XX


Le sergent Scales quitte le service.


— Le sergent Scales, rappelé sur le théâtre de la guerre, en Flandre, était demeuré incorporé dans son régiment jusqu’à la fin de la campagne de 1711. Son absence s’était donc prolongée pendant près de deux ans. Mais, lors de l’automne qui précéda son retour, il reçut au siége de Bouchain une grave blessure, qui le mit dans l’impossibilité d’écrire à personne. Le vieux soldat n’avait pas, dans cet espace de trois mois, reçu de nouvelles de ceux qui l’intéressaient. Aussi des doutes cruels assiégèrent-ils son cœur à tel point qu’il se décida à aller trouver Proddy avant de se montrer à Marlborough-House.

Il se rendit donc au palais, s’informa du cocher, apprit qu’il était dans sa chambre, et monta l’y retrouver. Convaincu que sa venue allait causer une surprise extrêmement agréable au cocher, il entra dans la chambre, en ferma la porte, et fit le salut militaire à Proddy, qu’il aperçut assis devant une table, à demi assoupi, la pipe à la bouche et une cruche d’ale posée devant lui.

Le cocher leva les yeux et, apercevant cette apparition inattendue, laissa tomber sa pipe et recula sa chaise ; saisi d’étonnement et d’effroi, il contempla son ami, qui ne pouvait comprendre pourquoi les dents lui claquaient d’épouvante, et pourquoi ses yeux effarés étaient prêts à sortir de leur orbite.

« Comment donc, Proddy, ne me reconnaissez-vous pas ? s’écria Scales au comble de la surprise.

— Je vous ai connu jadis, sergent, balbutia Proddy ; mais, à l’avenir, je ne désire pas avoir de relation avec vous.

— Bah ! bah ! reprit Scales ; que vous arrive-t-il et que craignez-vous ? Vous allez d’abord venir avec moi.

— Oh ! non, je vous remercie ; je vous suis pourtant très-obligé, répliqua Proddy, qui s’éloignait tant qu’il pouvait du soldat.

— Eh bien ! si vous ne voulez pas venir avec moi, je vais alors rester avec vous, fit Scales en prenant un siége, car je compte ne plus vous quitter, Proddy.

— Serait-il vrai ? s’écria le cocher, encore plus terrifé.
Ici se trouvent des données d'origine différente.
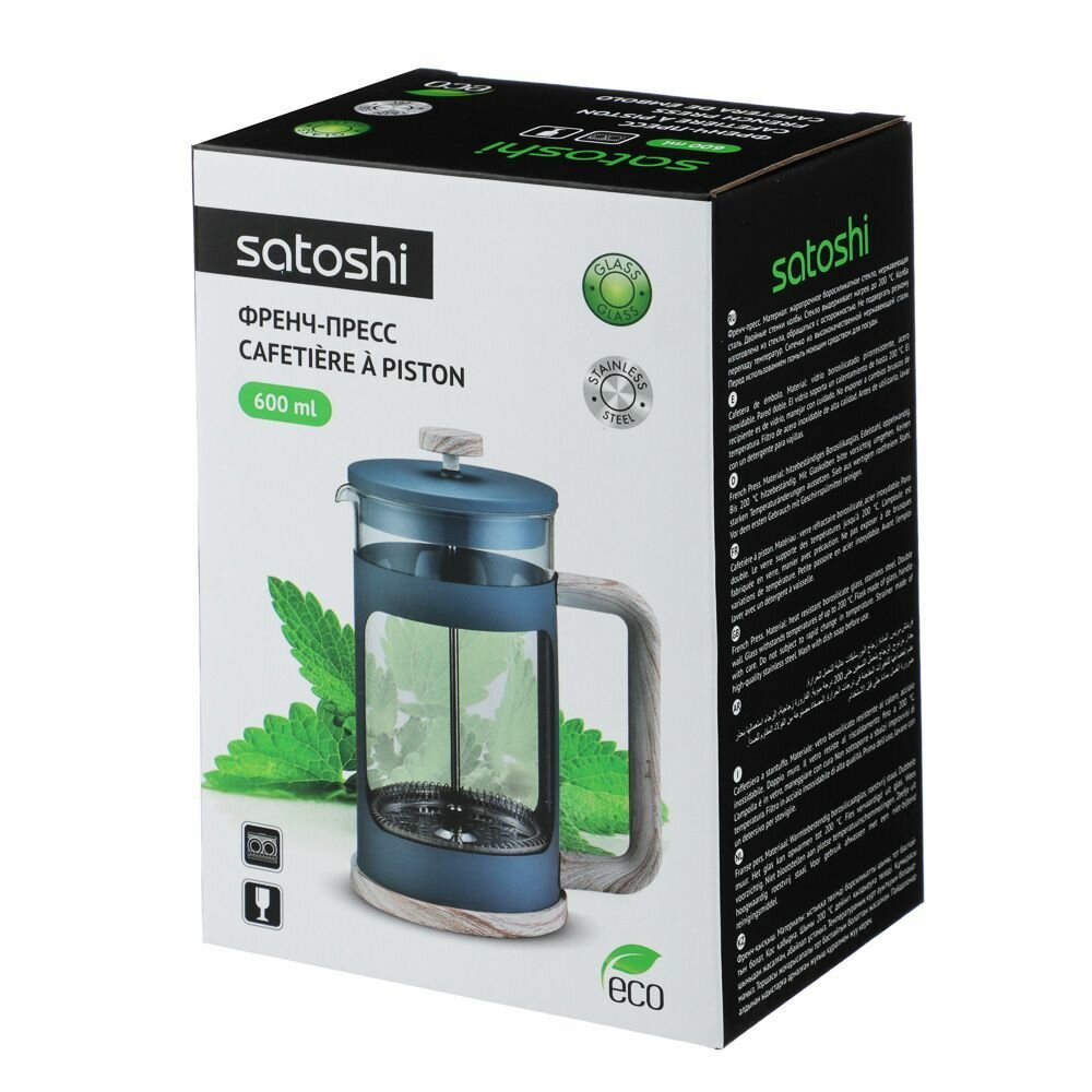 Френч-пресс 600 мл SATOSHI Шарлеруа, жаропрочное стекло, заварочный чайник для кофе и чая

— Non, nous ne nous séparerons plus, répondit Scales. Cette fois-ci, j’ai un fort long congé.

— Vous ne prétendez pas me faire croire qu’on vous permet là-bas de vous absenter trop longtemps, dit Proddy.

— Là-bas ! repéta le sergent. Ah ! jy suis ! Vous voulez dire les Pays-Bas ?

— Appelez cet endroit-là du nom qu’il vous plaira, repartit Proddy. Ordinairement cependant on lui donne ici une appellation moins agréable.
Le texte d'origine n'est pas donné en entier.